=== Begin Enclosure ===
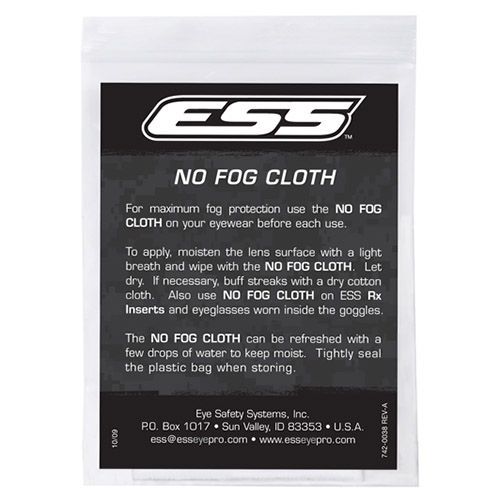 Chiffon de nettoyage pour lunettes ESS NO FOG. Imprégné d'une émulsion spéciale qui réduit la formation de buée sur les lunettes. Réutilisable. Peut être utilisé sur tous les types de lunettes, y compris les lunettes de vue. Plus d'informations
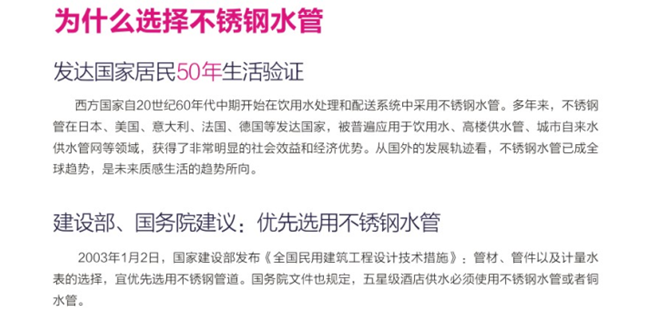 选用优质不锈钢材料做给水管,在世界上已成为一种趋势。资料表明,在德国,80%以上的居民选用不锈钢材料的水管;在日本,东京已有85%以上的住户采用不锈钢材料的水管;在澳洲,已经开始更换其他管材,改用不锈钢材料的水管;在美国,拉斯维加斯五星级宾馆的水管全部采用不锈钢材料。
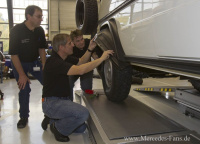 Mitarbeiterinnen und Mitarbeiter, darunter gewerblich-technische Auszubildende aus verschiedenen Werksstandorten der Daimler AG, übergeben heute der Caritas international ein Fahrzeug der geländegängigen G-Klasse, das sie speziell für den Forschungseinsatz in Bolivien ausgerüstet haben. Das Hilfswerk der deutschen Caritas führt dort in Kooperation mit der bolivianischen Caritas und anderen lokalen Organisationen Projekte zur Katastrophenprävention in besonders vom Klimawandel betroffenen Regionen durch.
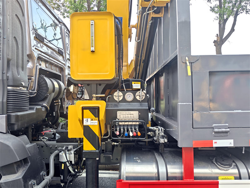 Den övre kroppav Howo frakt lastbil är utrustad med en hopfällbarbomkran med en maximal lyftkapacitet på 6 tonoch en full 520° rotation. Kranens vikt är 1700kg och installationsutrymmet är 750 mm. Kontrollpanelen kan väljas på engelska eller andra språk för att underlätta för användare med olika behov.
=== End Enclosure ===
- Problem description -
Where the line containing "Mitarbeiterinnen und Mitarbeiter, darunter" appears above, start there and set down each line exactly through the last line of the data; leave out every picture.

- Solution for this exercise -
 Mitarbeiterinnen und Mitarbeiter, darunter gewerblich-technische Auszubildende aus verschiedenen Werksstandorten der Daimler AG, übergeben heute der Caritas international ein Fahrzeug der geländegängigen G-Klasse, das sie speziell für den Forschungseinsatz in Bolivien ausgerüstet haben. Das Hilfswerk der deutschen Caritas führt dort in Kooperation mit der bolivianischen Caritas und anderen lokalen Organisationen Projekte zur Katastrophenprävention in besonders vom Klimawandel betroffenen Regionen durch.
 Den övre kroppav Howo frakt lastbil är utrustad med en hopfällbarbomkran med en maximal lyftkapacitet på 6 tonoch en full 520° rotation. Kranens vikt är 1700kg och installationsutrymmet är 750 mm. Kontrollpanelen kan väljas på engelska eller andra språk för att underlätta för användare med olika behov.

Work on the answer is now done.